Ingredients

  • 3 English cucumbers, peeled and sliced (3 1/2 pound total)
  • 1/2 cup cold water
  • 2 -3 tablespoons seasoned rice wine vinegar
  • 2 teaspoons kosher salt, plus
  • 1 teaspoon kosher salt
  • 1 ripe california avocado, peeled and pitted
  • 1 tablespoon fresh lime juice
  • 1 (8 ounce) container plain yogurt
  • 1 teaspoon wasabi (or 1 1/2 teaspoons wasabi powder mixed with 1/2 teaspoon water)

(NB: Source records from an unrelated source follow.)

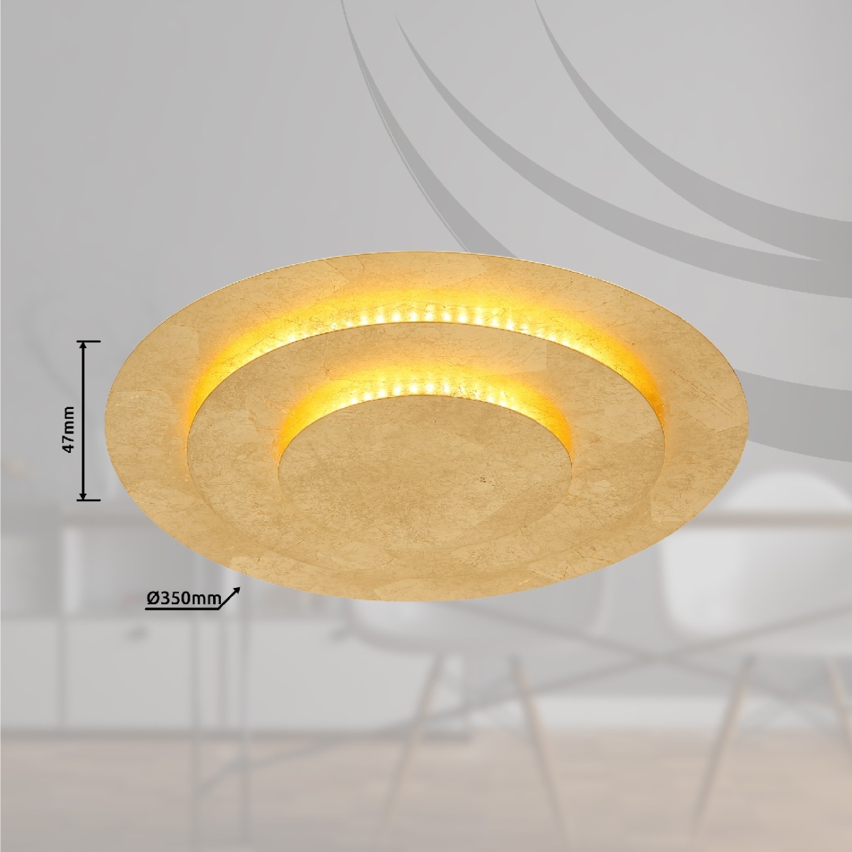 Plafonska lampa serije HEDA ima prečnik od 350 mm i visinu od 47 mm. Napravljena je od metala zlatne boje i opremljna je LED sijalicom snage 24W i naponom od 230V. Lampa ima osvetljenost od 3100 lumena izvora i izlaznu svetlost od 1500 lumena pri temperaturi boje od 3000K. Plafonska lampa je moderan i elegantan element osvetljenja, savršena je za dnevnu sobu, trpezariju, hodnik ili spavaću sobu. Svojom toplom svetlošću stvara prijatnu atmosferu u svakoj prostoriji.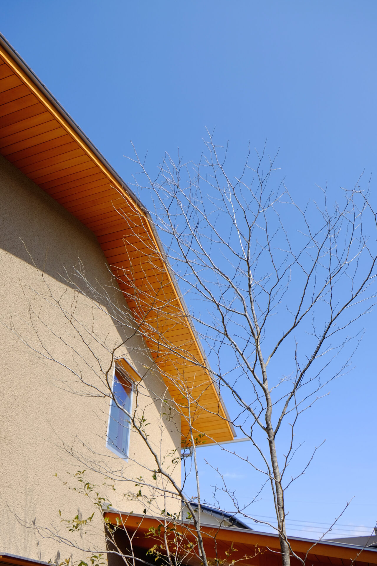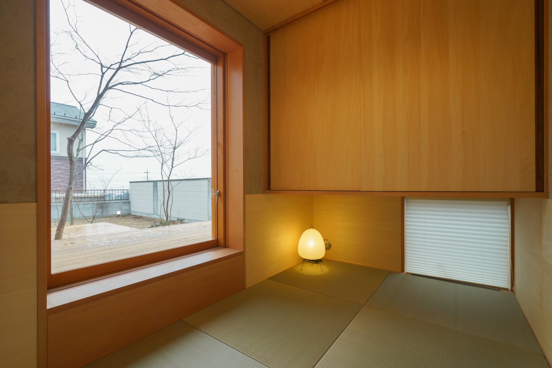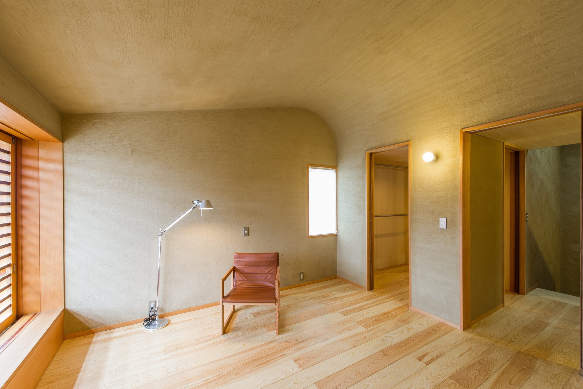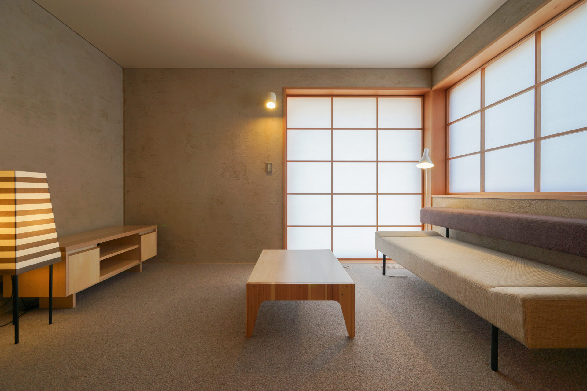 伊礼氏が設計作法として掲げ、ヤマイチも想いを同じくする『ソトからくる心地よさ』に着目した、四季折々の自然を感じて暮らす豊かさのある住まいです。色のトーンを抑えた珪藻土の壁や月桃紙の天井を間接照明が優しく照らす心地よい内装に仕上がりました。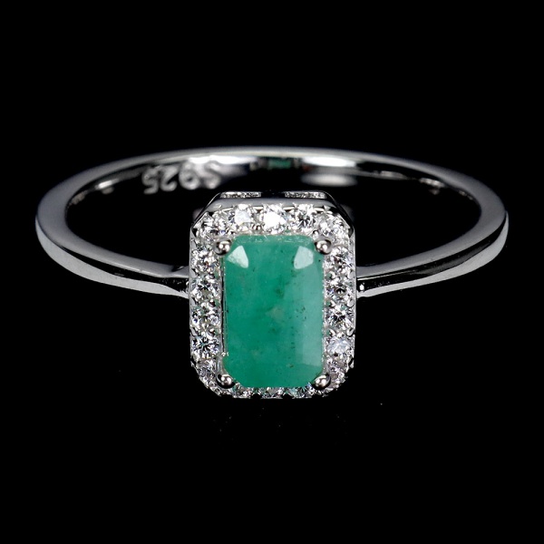 • Belíssimo Anel em prata de lei espessurada a ouro branco, design moderno exclusivo com preciosa Esmeralda de 6.0 x 4.0 mm, clássica lapidação octogonal brilhante, adornada por rico trabalho, fino acabamento e majestosa coroa de Zirconias extra brancos com fino acabamento. Perfeito estado de conservação, sem uso. Aro mede 1,8 cm, armação 0,6 x 0,8 cm. Origem Zâmbia. Possui inclusões naturais.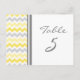 Elegantes e modernos cartões de número de mesa de casamento em amarelo limão brilhante, cinza e branco com um padrão de zigue-zague xevron retrô e divertido. Personalize esses cartões para criar cartões de número de mesa personalizados para cada mesa em seu casamento. O padrão está disponível em uma ampla gama de produtos de casamento correspondentes.

  • 3 tablespoons finely chopped fresh chives
  • freshly ground white pepper
  • 1 1/2 cups ice cubes
  • Garnish
  • finely chopped fresh chives

Method

  • Puree cucumbers with water, vinegar, and 2 teaspoons kosher salt in batches in a blender until smooth.

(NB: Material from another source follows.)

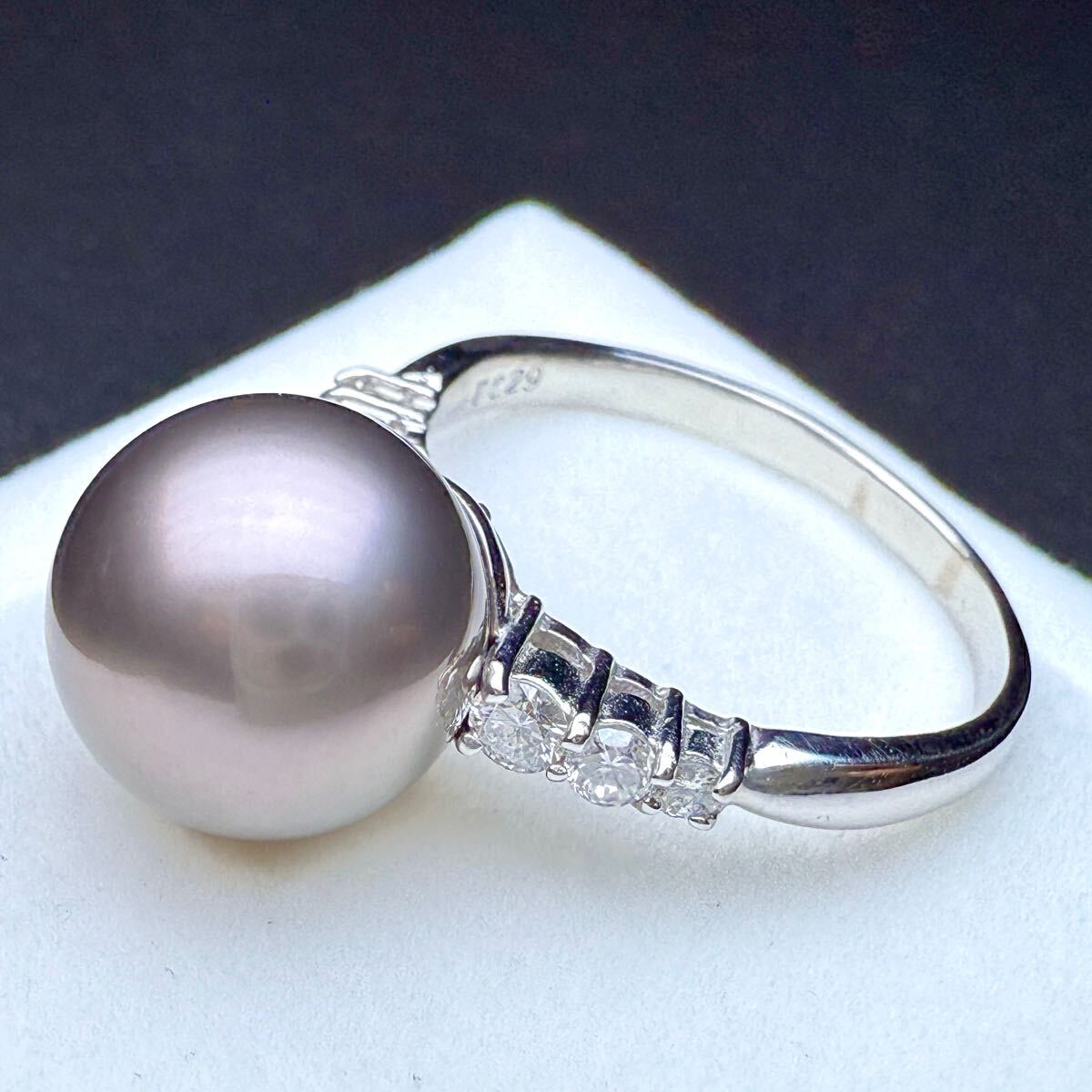 > 照り◎ ダイヤモンド 南洋黒蝶真珠 リング 指輪 11.32㎜ 16.5号 6.3g リアルパール 本真珠 Pt900 プラチナ D0.29ct 大珠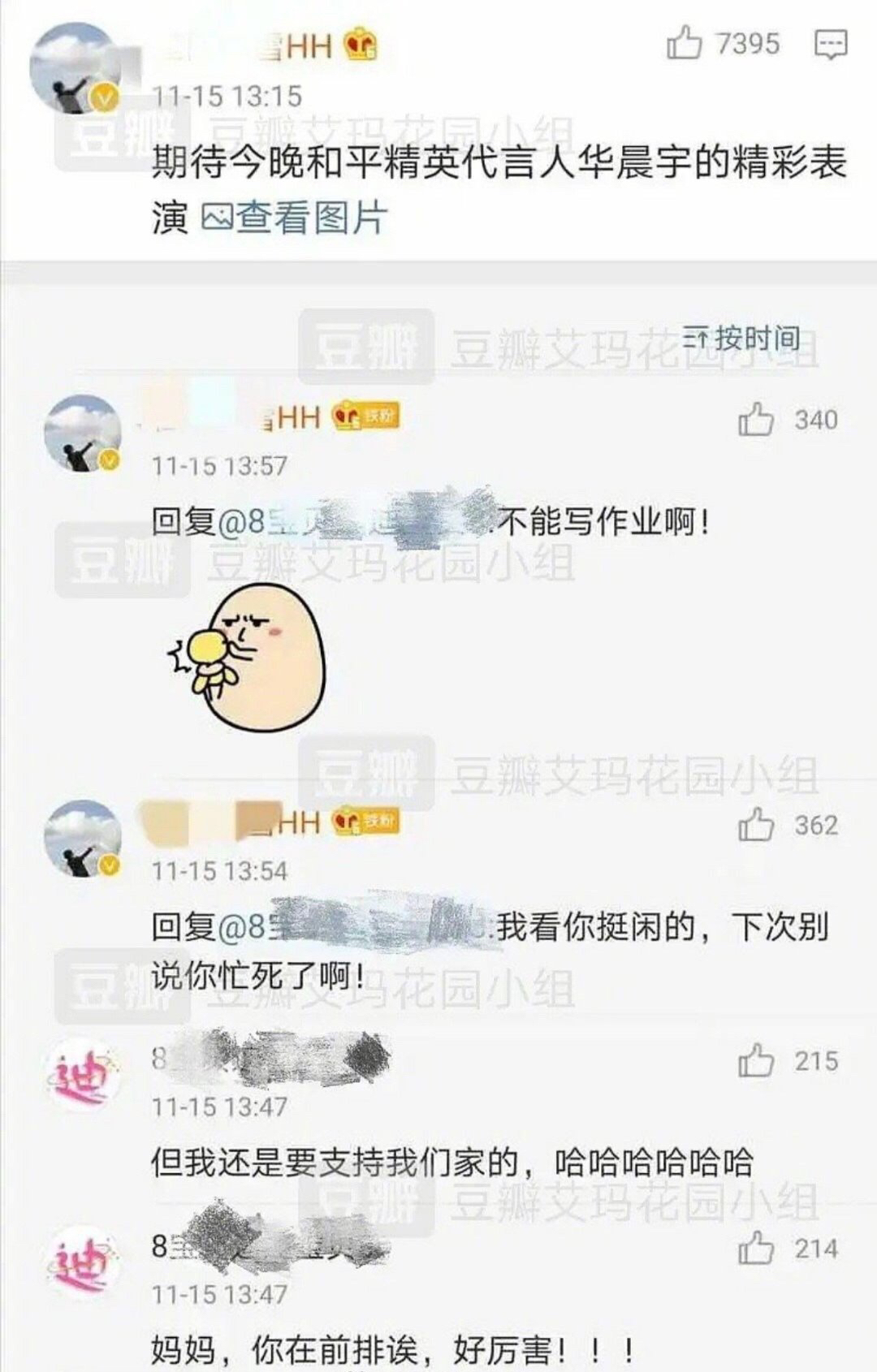 來看看發生了什麼事!有一個華晨宇粉絲留言期待花花今晚的表現,結果沒想到居然遇到了自己的女兒留言,表示媽媽好厲害,留言居然在前排,但自己還是要支持自己家的偶像,也就是熱巴!媽媽還回覆女兒表示我看你這麼閑空,下次別再說自己很忙!

  • Mash together avocado, lime juice, and remaining teaspoon kosher salt until smooth.
  • Whisk in yogurt, wasabi paste, chives, and pepper, to taste.
  • Just before serving, blend soup with ice in batches until smooth.
  • Serve topped with avocado cream.
  • Enjoy!
  • Note: Soup (before blending with ice) and avocado cream may be made 1 day ahead and kept, separately, chilled and covered.